### TASK DESCRIPTION
Don't include any picture when you restate the data word for word.

[Items from a data source]
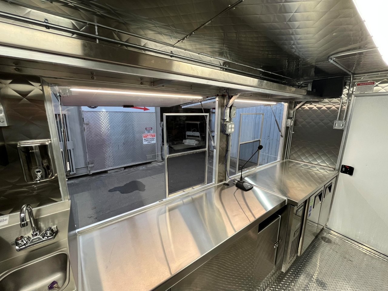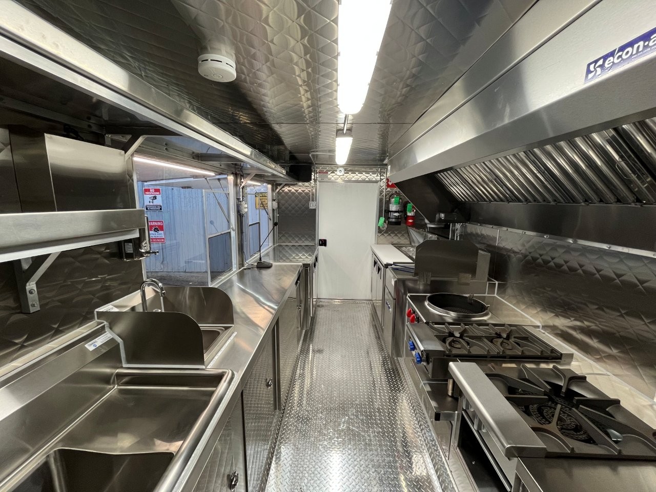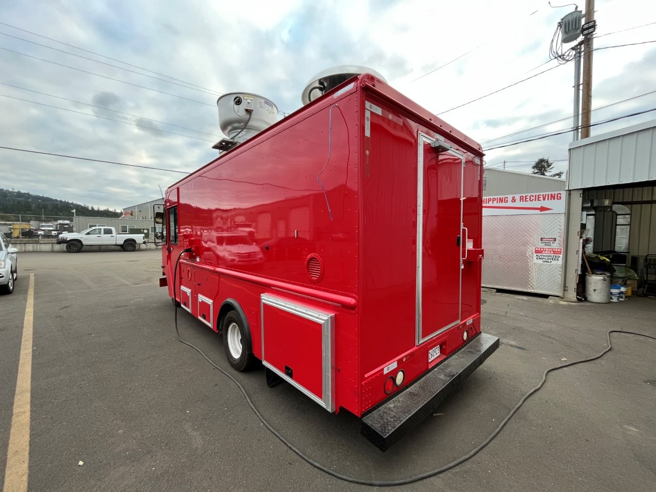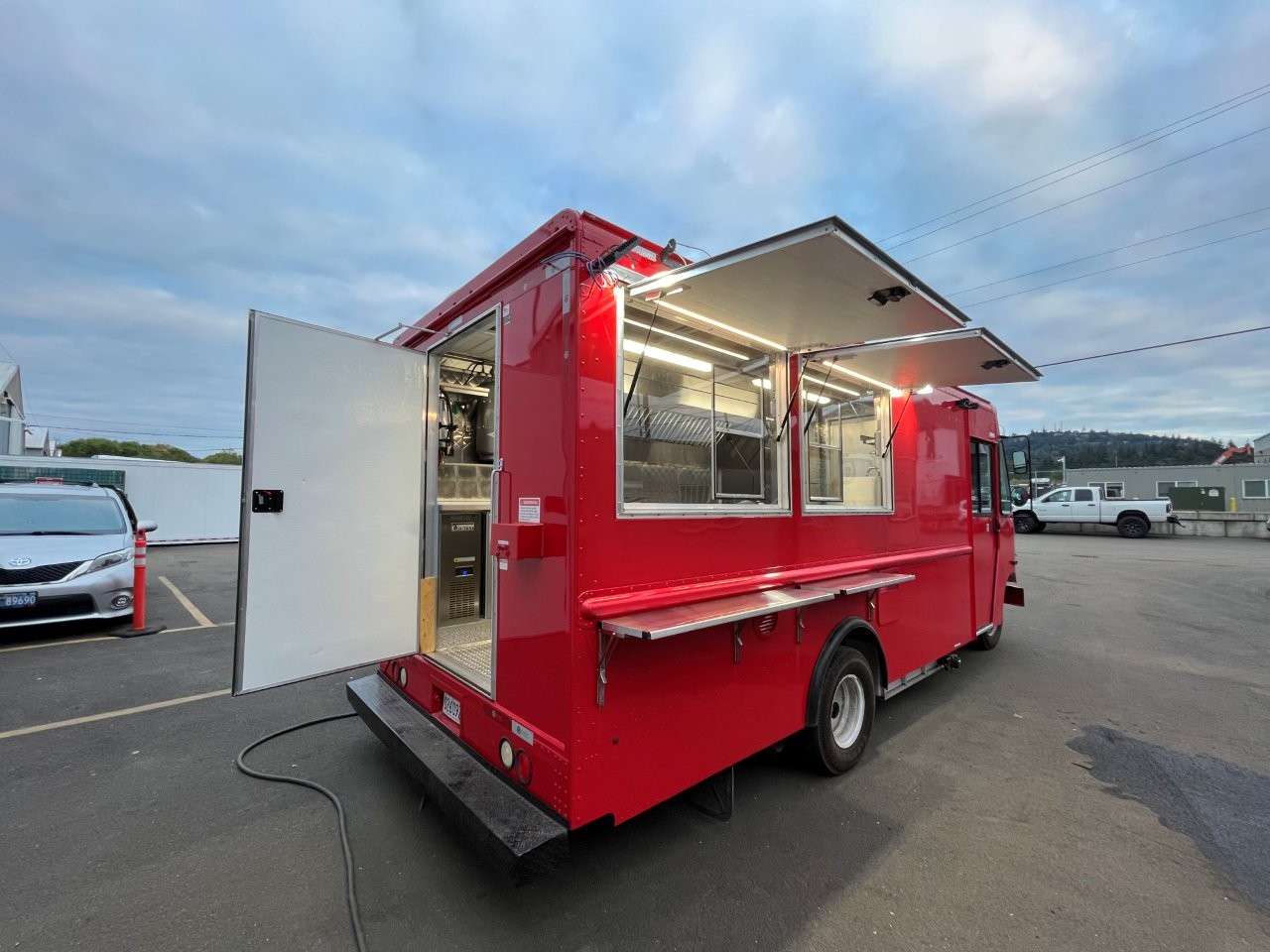 7kW propane Cummins Onan generator, stock pot, wok range, camera wiring, sound system, refrigerator/freezer combo unit
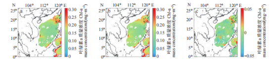图6 南海500 m以深海域叶绿素a质量浓度空间分布。(a)高氮沉降通量年份叶绿素a质量浓度空间分布;(b)低氮沉降通量年份海表叶绿素a质量浓度空间分布;(c)二者叶绿素a质量浓度之差。
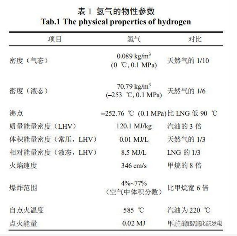 氫氣燃燒只產(chǎn)生水,因此被認為是最清潔、真正實現(xiàn)零排放的能源。但由于其二次能源的基本屬性,氫氣的清潔和環(huán)保性不應僅體現(xiàn)在最終被利用時,還要著眼于生產(chǎn)氫氣的一次能源的來源以及氫氣的制備、運輸、存儲和最終使用等環(huán)節(jié),從全生命周期的角度來考察。這些環(huán)節(jié)都需要消耗能源資源,也可能會帶來相應的污染物與溫室氣體排放。氫氣的物性參數(shù)見表1。
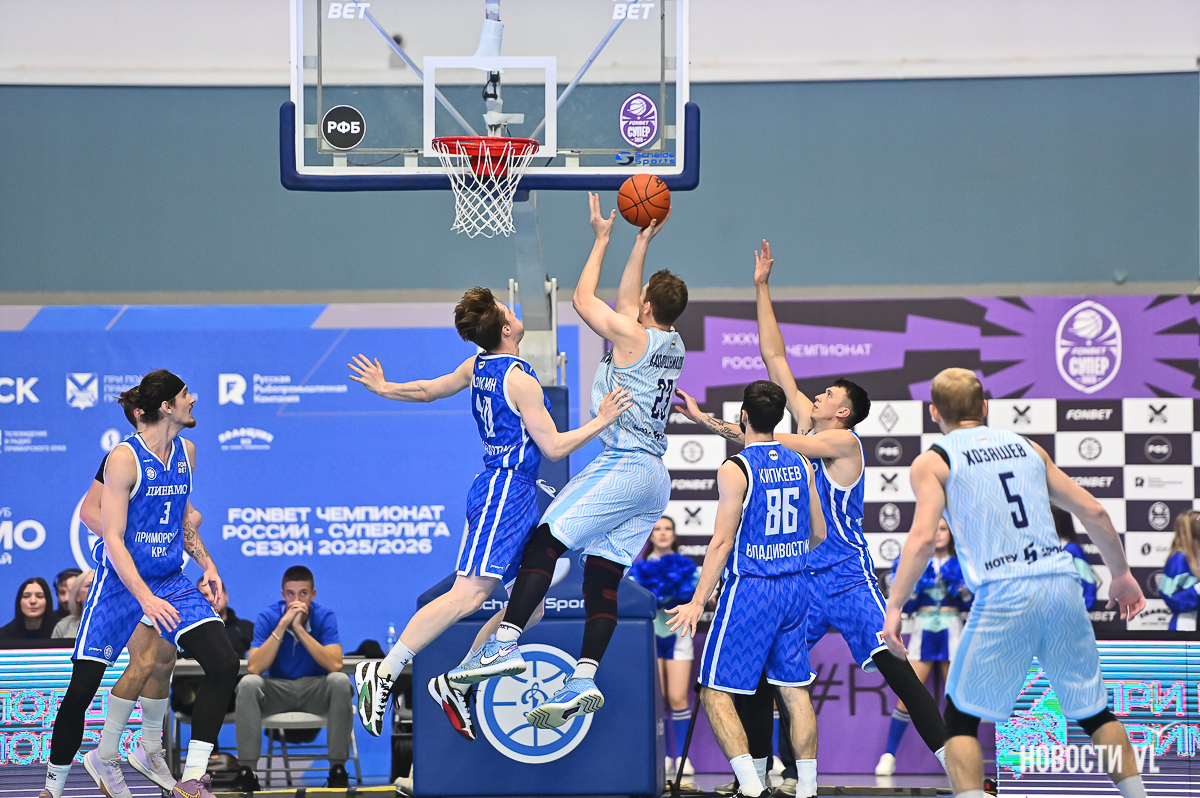 В среду, 5 ноября, приморский баскетбольный клуб «Динамо» в завершении домашней серии регулярного чемпионата Суперлиги с разницей в 30 очков победил ижевский «Купол-Родники». На паркете СК «Олимпиец» во Владивостоке команда оформила первую «сотню» в сезоне, при этом отличились все двенадцать игроков, попавшие в заявку на матч, – 101:71 (30:15, 27:20, 21:24, 23:12). Самым результативным, как и в предыдущем победном матче с действующим чемпионом, стал американец Дакуан Смит, на счету которого 18 очков.
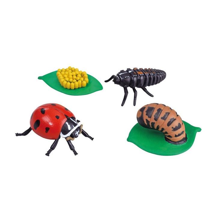 4-djelni set koji prikazuje životni ciklus razvoja bubamare, od polaganja jajašca na list, razvoja ličinke do bubamare.
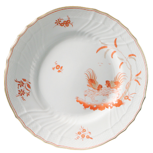 Ref: R01502-002-0075 0Prato para sobremesa, da Manufatura Richard Ginori , colecao Vecchio Ginori, decoracao Gali Rossi, com flores na cor laranja e finas linhas em ouro.
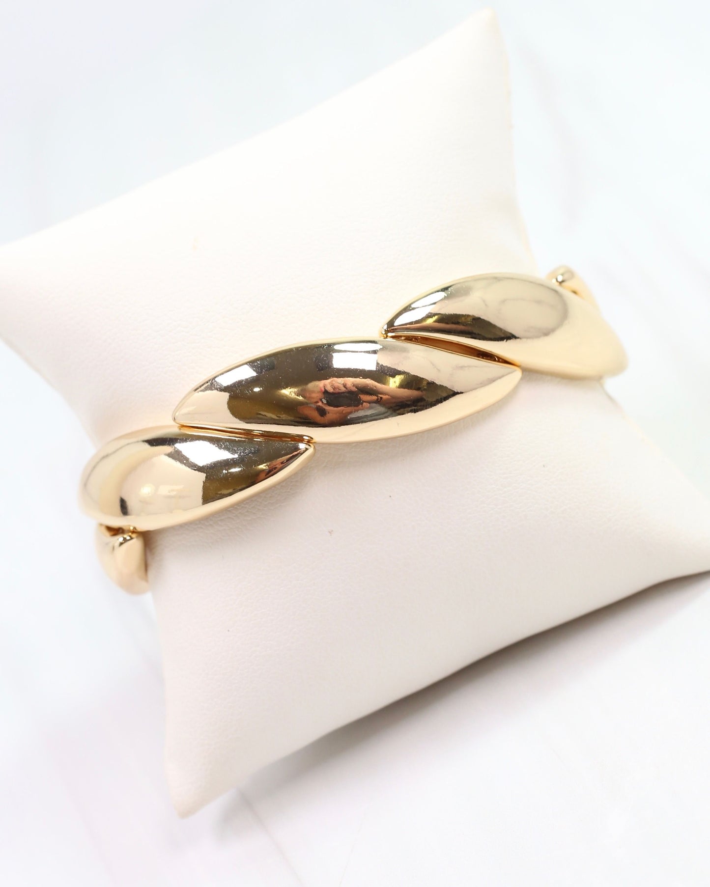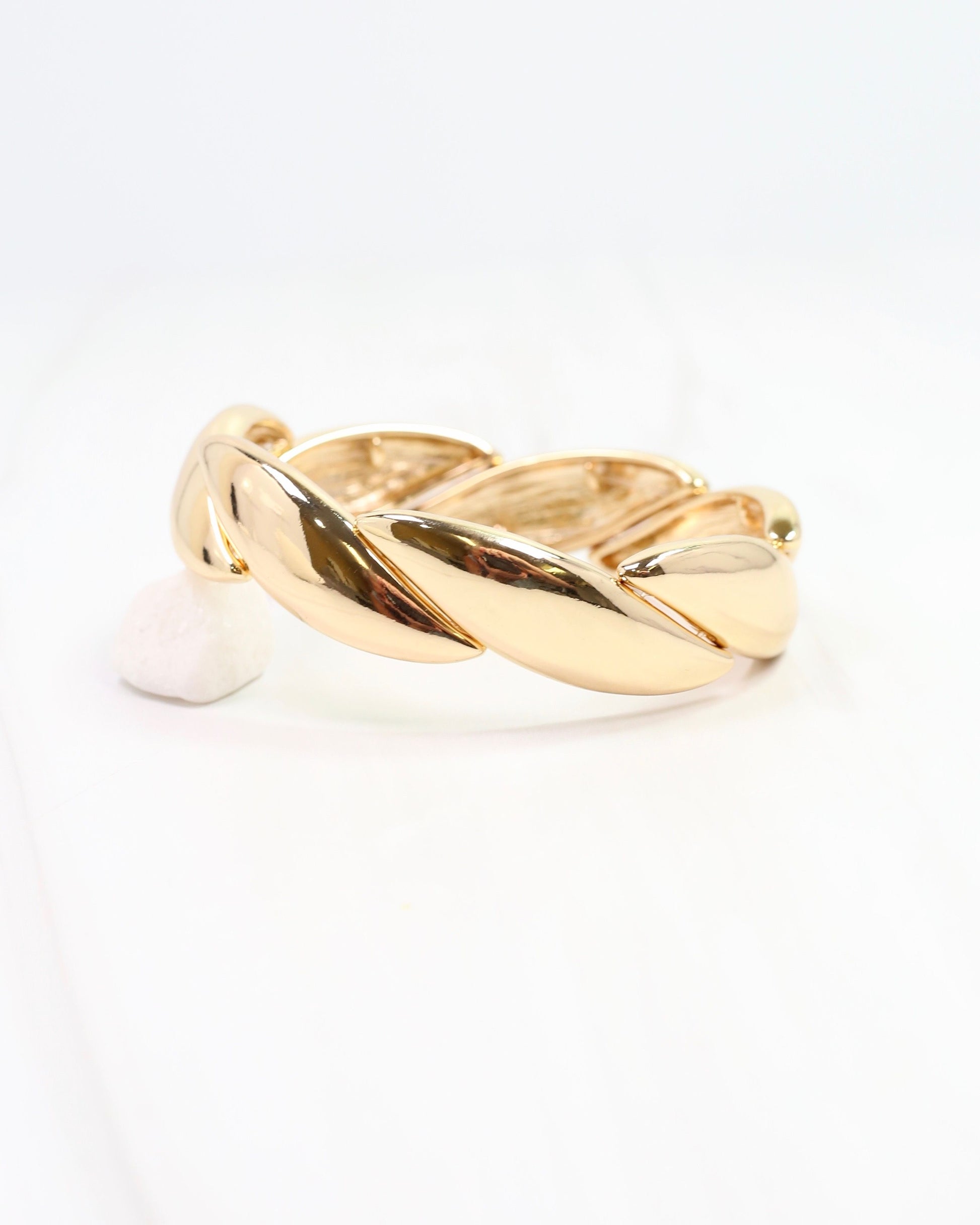 Add a touch of sparkle with the Tilly Stretch Bracelet in Gold. This shiny, twisted design creates a playful illusion that’s perfect for stacking or wearing solo. Its smooth, polished finish makes it an easy favorite to mix and match with your everyday looks.

### EXPECTED ANSWER
 7kW propane Cummins Onan generator, stock pot, wok range, camera wiring, sound system, refrigerator/freezer combo unit
图6 南海500 m以深海域叶绿素a质量浓度空间分布。(a)高氮沉降通量年份叶绿素a质量浓度空间分布;(b)低氮沉降通量年份海表叶绿素a质量浓度空间分布;(c)二者叶绿素a质量浓度之差。
 氫氣燃燒只產(chǎn)生水,因此被認為是最清潔、真正實現(xiàn)零排放的能源。但由于其二次能源的基本屬性,氫氣的清潔和環(huán)保性不應僅體現(xiàn)在最終被利用時,還要著眼于生產(chǎn)氫氣的一次能源的來源以及氫氣的制備、運輸、存儲和最終使用等環(huán)節(jié),從全生命周期的角度來考察。這些環(huán)節(jié)都需要消耗能源資源,也可能會帶來相應的污染物與溫室氣體排放。氫氣的物性參數(shù)見表1。
 В среду, 5 ноября, приморский баскетбольный клуб «Динамо» в завершении домашней серии регулярного чемпионата Суперлиги с разницей в 30 очков победил ижевский «Купол-Родники». На паркете СК «Олимпиец» во Владивостоке команда оформила первую «сотню» в сезоне, при этом отличились все двенадцать игроков, попавшие в заявку на матч, – 101:71 (30:15, 27:20, 21:24, 23:12). Самым результативным, как и в предыдущем победном матче с действующим чемпионом, стал американец Дакуан Смит, на счету которого 18 очков.
 4-djelni set koji prikazuje životni ciklus razvoja bubamare, od polaganja jajašca na list, razvoja ličinke do bubamare.
 Ref: R01502-002-0075 0Prato para sobremesa, da Manufatura Richard Ginori , colecao Vecchio Ginori, decoracao Gali Rossi, com flores na cor laranja e finas linhas em ouro.
 Add a touch of sparkle with the Tilly Stretch Bracelet in Gold. This shiny, twisted design creates a playful illusion that’s perfect for stacking or wearing solo. Its smooth, polished finish makes it an easy favorite to mix and match with your everyday looks.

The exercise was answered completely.